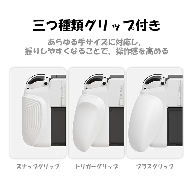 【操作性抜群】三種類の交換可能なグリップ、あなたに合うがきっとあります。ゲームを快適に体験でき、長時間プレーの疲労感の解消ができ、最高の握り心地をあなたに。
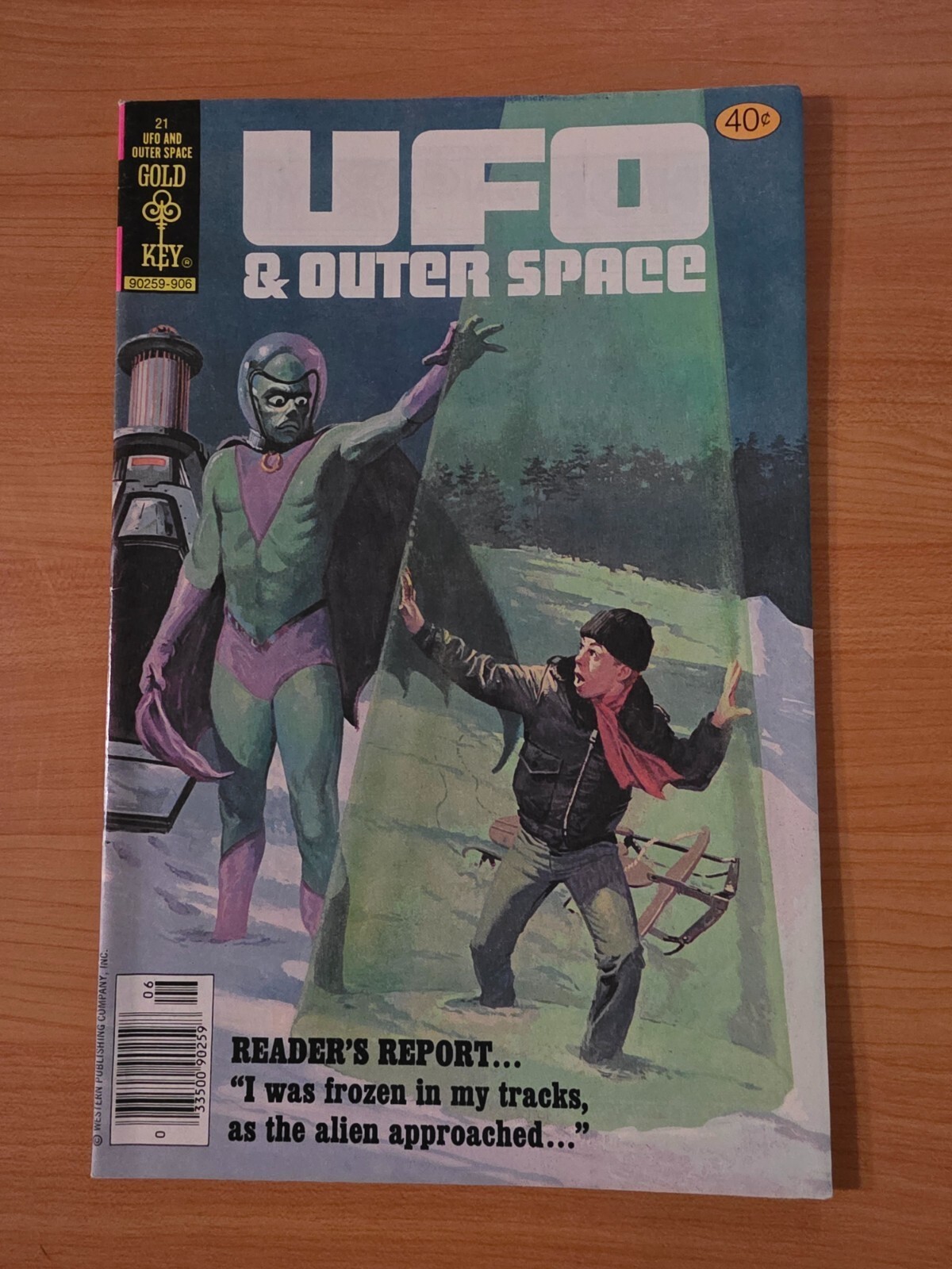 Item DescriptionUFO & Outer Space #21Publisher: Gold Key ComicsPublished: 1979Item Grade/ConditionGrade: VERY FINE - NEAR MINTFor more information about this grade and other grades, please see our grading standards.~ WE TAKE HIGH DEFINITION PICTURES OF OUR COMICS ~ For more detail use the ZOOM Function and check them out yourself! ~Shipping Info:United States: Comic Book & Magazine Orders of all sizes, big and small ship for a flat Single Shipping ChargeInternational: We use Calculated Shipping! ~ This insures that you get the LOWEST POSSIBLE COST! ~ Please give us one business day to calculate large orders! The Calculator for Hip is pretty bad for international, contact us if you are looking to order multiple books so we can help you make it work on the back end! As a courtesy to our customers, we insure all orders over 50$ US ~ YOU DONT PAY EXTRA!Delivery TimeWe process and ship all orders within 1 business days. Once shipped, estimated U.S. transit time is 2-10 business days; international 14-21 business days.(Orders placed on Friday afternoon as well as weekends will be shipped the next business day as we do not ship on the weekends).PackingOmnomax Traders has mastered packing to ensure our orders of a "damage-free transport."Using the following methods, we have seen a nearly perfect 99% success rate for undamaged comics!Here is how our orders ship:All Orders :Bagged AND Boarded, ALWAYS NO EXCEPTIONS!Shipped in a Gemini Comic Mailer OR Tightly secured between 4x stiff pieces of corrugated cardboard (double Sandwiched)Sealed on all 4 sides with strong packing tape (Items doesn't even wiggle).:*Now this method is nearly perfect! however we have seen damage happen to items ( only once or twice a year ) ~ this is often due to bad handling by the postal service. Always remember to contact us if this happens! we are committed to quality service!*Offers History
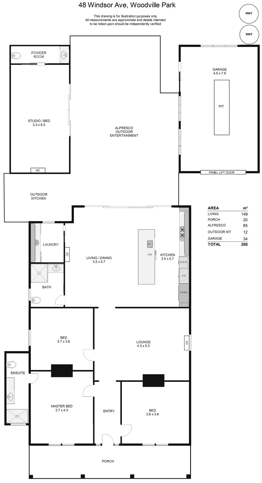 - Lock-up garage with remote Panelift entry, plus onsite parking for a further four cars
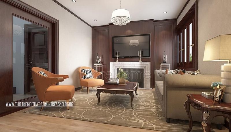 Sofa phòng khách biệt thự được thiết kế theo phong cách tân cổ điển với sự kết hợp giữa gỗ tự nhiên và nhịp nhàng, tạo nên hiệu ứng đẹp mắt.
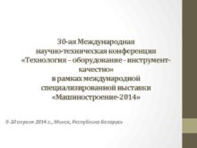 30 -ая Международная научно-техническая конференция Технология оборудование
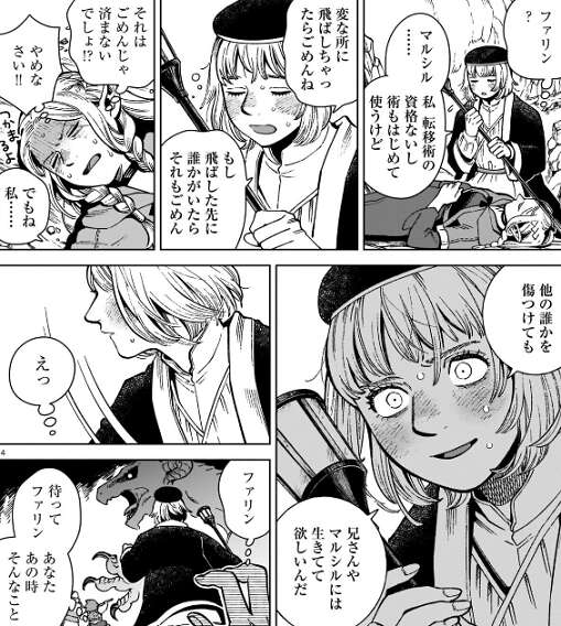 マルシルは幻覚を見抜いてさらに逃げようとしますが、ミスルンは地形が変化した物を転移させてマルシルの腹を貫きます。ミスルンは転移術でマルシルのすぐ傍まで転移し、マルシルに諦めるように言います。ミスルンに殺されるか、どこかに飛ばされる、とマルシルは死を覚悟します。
--
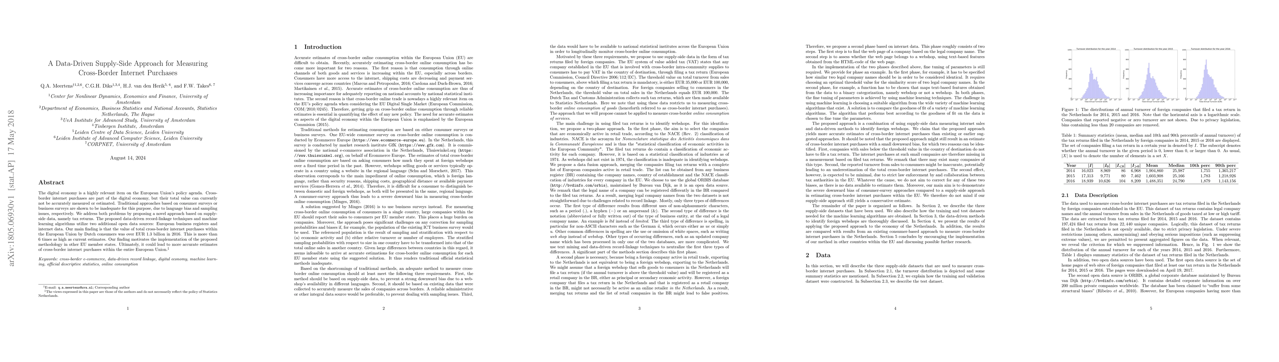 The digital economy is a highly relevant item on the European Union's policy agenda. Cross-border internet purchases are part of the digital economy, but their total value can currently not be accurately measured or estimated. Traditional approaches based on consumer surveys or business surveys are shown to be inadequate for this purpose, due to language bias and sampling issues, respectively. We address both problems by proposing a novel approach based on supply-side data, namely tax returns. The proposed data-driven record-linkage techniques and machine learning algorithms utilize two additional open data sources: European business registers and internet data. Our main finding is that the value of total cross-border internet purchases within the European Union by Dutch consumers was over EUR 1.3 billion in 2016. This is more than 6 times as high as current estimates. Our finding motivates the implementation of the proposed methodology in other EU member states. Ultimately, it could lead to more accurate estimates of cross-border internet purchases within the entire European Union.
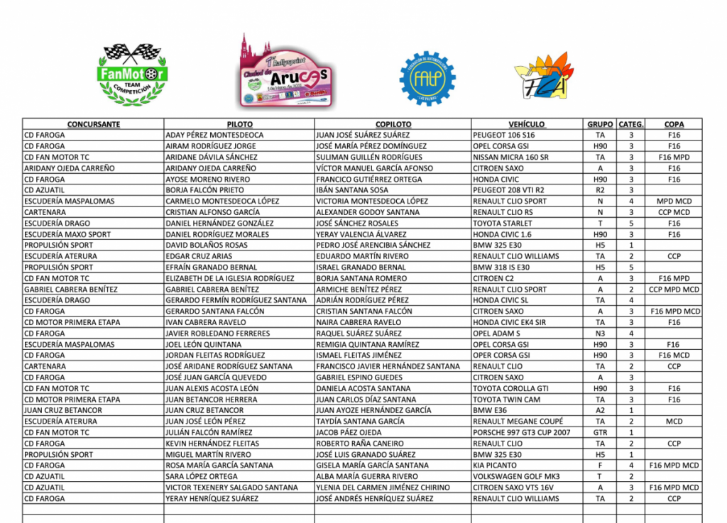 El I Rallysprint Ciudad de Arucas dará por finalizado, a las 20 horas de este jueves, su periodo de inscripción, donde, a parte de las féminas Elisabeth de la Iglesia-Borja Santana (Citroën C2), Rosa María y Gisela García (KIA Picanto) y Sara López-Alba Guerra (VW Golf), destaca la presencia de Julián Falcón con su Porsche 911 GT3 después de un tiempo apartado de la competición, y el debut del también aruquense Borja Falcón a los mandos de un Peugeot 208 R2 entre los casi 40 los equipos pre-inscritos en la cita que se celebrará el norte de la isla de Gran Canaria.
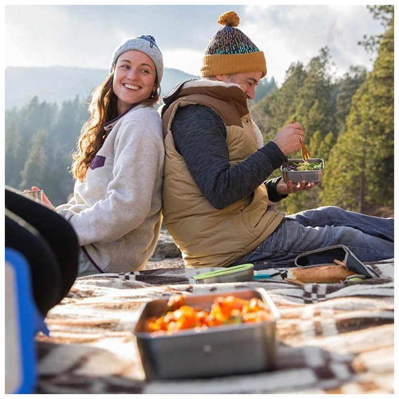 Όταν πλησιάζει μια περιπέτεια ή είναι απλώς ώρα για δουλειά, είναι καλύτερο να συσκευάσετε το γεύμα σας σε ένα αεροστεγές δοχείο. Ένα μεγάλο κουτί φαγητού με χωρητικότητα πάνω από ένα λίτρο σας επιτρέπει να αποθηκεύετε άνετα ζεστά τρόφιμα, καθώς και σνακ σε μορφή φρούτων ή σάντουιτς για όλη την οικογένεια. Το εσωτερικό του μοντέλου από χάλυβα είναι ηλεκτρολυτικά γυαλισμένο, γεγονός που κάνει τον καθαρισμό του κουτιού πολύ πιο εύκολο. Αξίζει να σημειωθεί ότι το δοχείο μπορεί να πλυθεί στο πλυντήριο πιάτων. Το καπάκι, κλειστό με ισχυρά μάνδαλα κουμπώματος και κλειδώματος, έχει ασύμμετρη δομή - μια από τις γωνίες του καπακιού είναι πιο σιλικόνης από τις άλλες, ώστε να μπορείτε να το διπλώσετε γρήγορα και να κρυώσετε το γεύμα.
---
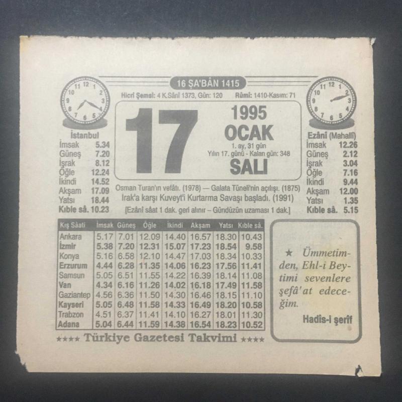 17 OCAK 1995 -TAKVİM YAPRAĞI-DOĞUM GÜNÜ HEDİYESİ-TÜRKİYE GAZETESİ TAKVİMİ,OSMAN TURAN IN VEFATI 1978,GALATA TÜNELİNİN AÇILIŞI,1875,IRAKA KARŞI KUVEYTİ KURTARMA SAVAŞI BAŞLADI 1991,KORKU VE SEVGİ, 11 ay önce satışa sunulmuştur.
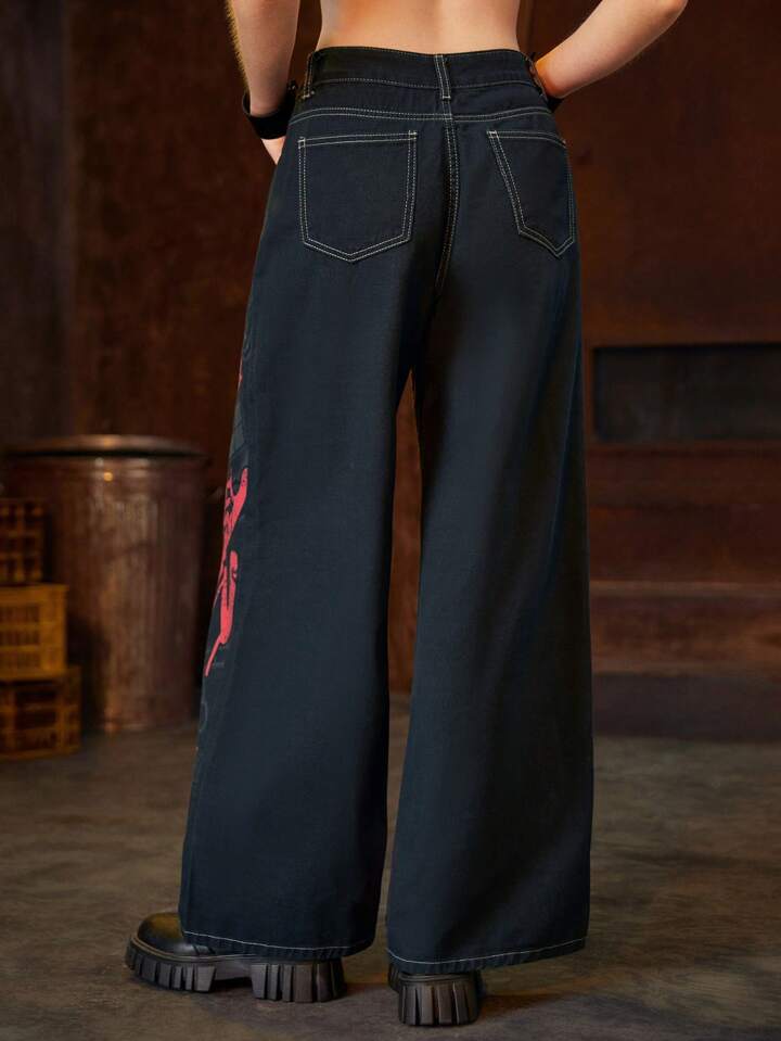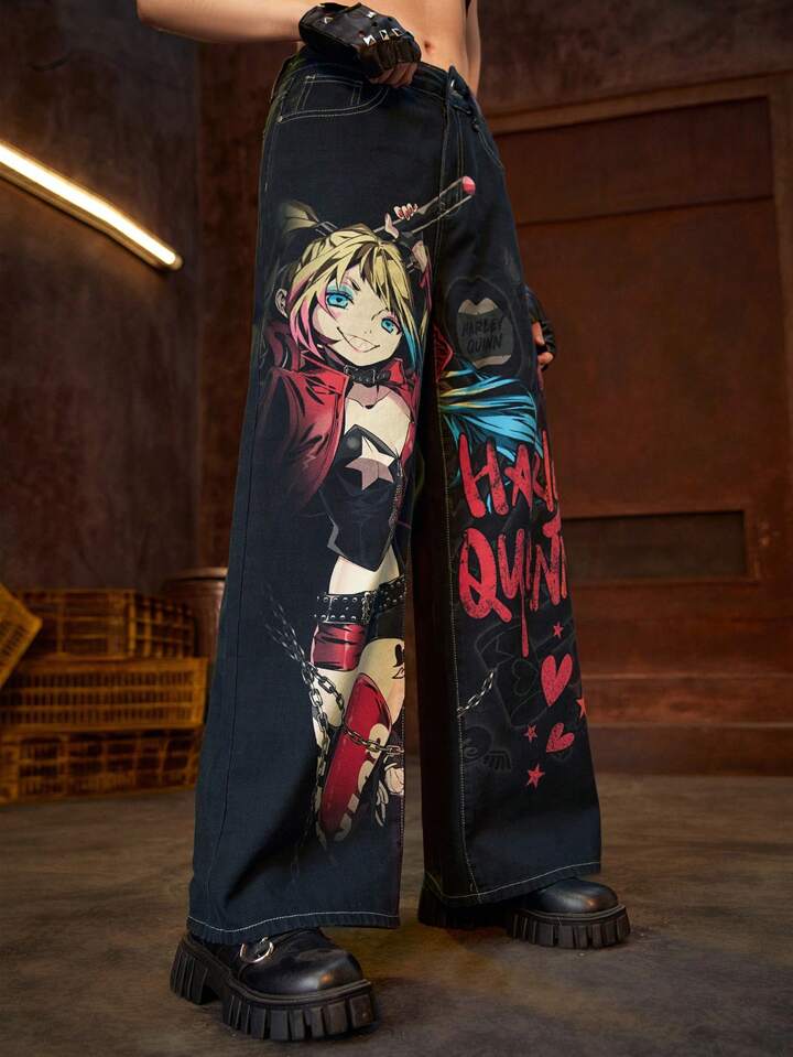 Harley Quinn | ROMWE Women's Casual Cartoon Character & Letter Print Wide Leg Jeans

WORK TO BE COMPLETED: Extract the part of the records that opens with the line containing "30 -ая Международная" and closes with the line containing "マルシルは幻覚を見抜いてさら". Take only those lines, exactly, and no pictures.

REPLY TO THE TASK:
 30 -ая Международная научно-техническая конференция Технология оборудование
 マルシルは幻覚を見抜いてさらに逃げようとしますが、ミスルンは地形が変化した物を転移させてマルシルの腹を貫きます。ミスルンは転移術でマルシルのすぐ傍まで転移し、マルシルに諦めるように言います。ミスルンに殺されるか、どこかに飛ばされる、とマルシルは死を覚悟します。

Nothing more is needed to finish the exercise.